The penitent recognises something we all need to see is true of us all: that we are all sinners, that we have been condemned justly that we are getting what we deserve for our deeds, that we all need forgiveness. But neither that nor condemnation is the last word.  We can turn to Jesus because we hear him say: “Father, forgive them, for they know not what they do.”

And for those who have been “transferred into the kingdom of Jesus Christ”, these two things are vital. In the light of the love of God seen in the cross, like the penitent thief, we see our own need for forgiveness.  And we see the one in whom and from whom we are offered that forgiveness – not at some time in the future, but now.

But if we are to receive that forgiveness ourselves, we must allow it to transform our lives so that we share it with others, so that they may find it in us.  And we need look no further than the Christian community to which we belong for the place in which we learn to do this: to forgive those who know not what they do. In any human community or family, in a church, there is ample opportunity for us to unthinkingly hurt others or to take offence when none has been intended.  We do not need to look for some other place where we can learn to do this, as if somehow it will be easier there.

That is why the mass in which we celebrate of our redemption begins with the confession of sin and the word of forgiveness. That is why the Sacrament of Reconciliation is made available in the confessional, so that we can hear Christ’s word of forgiveness spoken into our hearts and can ourselves become more compassionate and forgiving.

These things are given so that we might learn to be realistic about ourselves, to know that we are justly condemned, that we are paying the price for our sins here and now in lives less loving and generous than they are meant to be. But they are not given to condemn but to save; not to make us feel bad about ourselves, to feel that all is lost, but to give us hope.

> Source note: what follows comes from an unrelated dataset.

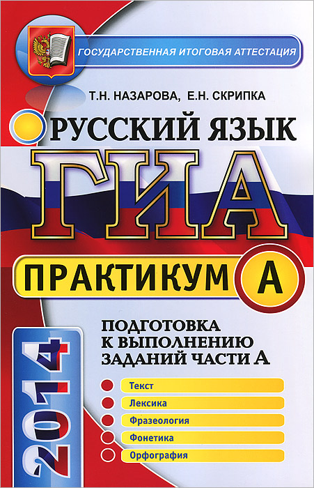| Полное название книги | Т. Н. Назарова, Е. Н. Скрипка Практикум по русскому языку. Подготовка к выполнению заданий части А |
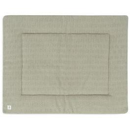 Le Tapis de parc 75 x 95 cm de Jollein est double face, avec un des côtés en tricot et l’autre en fleece.

Make us better.

A priest said to me the other day, “I’ve given up trying to make people better.”  These words have stayed with me ever since. I think I know what he meant: he’s stopped trying to compel people to be good, to behave, to keep the rules, like some spiritual policeman. That’s a role quite a lot of people would like us to adopt – although it’s other people they want us to keep in line; other peoples’ failings they want us to condemn.  Woe betide us if we ever suggest that they might change their ways!

But the preacher’s task, the priest’s task, the Christian community’s task, is always to hold out to people the challenge and the possibility of goodness and holiness as well as the reality of human sin. This is possible because we are not speaking merely in terms of human resources of compassion and love and understanding, of trying harder, but of God’s gifts offered freely to us:

“May you be made strong with all the strength that comes from his glorious power, and may you be prepared to endure everything with patience, while joyfully giving thanks to the Father, who has enabled you to share in the inheritance of the saints in light.”

That inheritance is not just some future reward. It is a present reality. Jesus says to us, “Today you will be with me in paradise.” Today we can share in the life of heaven. That sharing in being forgiven which flows out in forgiving will not transform the kingdoms of this world into the kingdom of our God and of his Christ in one fell swoop, but that transformation will not come unless and until it happens in our lives; until Christ becomes our shepherd and king and we his subjects become more like him.